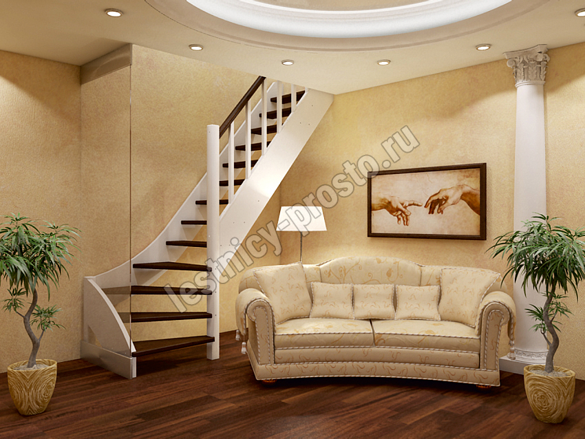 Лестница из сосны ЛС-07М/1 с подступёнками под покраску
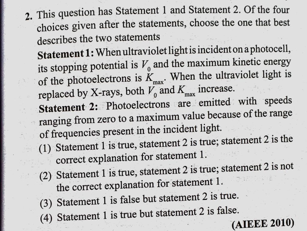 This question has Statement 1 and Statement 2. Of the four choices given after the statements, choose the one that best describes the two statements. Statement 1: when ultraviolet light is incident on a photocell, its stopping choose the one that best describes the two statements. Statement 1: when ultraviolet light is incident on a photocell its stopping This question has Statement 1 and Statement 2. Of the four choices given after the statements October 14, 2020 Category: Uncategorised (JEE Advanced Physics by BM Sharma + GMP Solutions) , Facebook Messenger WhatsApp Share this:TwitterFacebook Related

= = = =

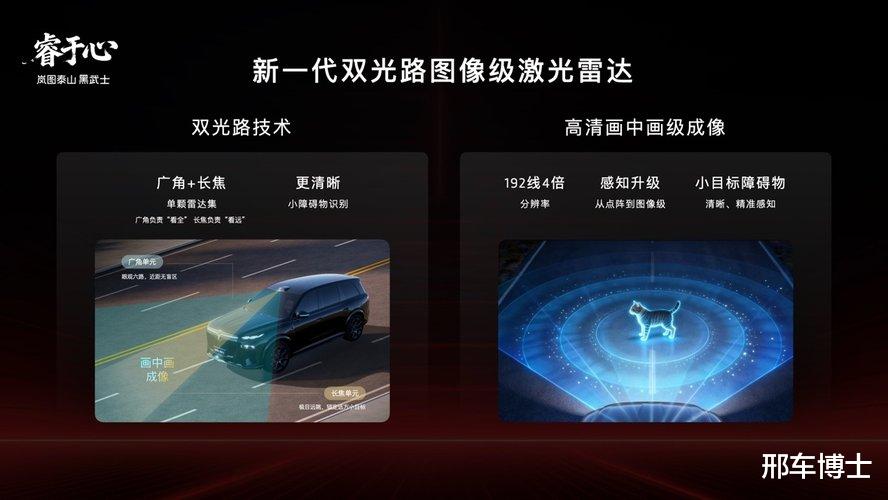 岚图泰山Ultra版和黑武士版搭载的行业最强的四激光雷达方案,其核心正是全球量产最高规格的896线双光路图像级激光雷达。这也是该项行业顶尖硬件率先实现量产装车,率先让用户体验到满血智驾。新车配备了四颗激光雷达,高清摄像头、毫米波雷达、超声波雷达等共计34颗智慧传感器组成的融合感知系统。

= = = =

Task to complete = Print the part of the listing above that opens with the line containing "Лестница из сосны" and closes with the line containing "Share this:TwitterFacebook Related". Copy it exactly, both ends included, and omit the pictures.

Response to this exercise =
 Лестница из сосны ЛС-07М/1 с подступёнками под покраску
 This question has Statement 1 and Statement 2. Of the four choices given after the statements, choose the one that best describes the two statements. Statement 1: when ultraviolet light is incident on a photocell, its stopping choose the one that best describes the two statements. Statement 1: when ultraviolet light is incident on a photocell its stopping This question has Statement 1 and Statement 2. Of the four choices given after the statements October 14, 2020 Category: Uncategorised (JEE Advanced Physics by BM Sharma + GMP Solutions) , Facebook Messenger WhatsApp Share this:TwitterFacebook Related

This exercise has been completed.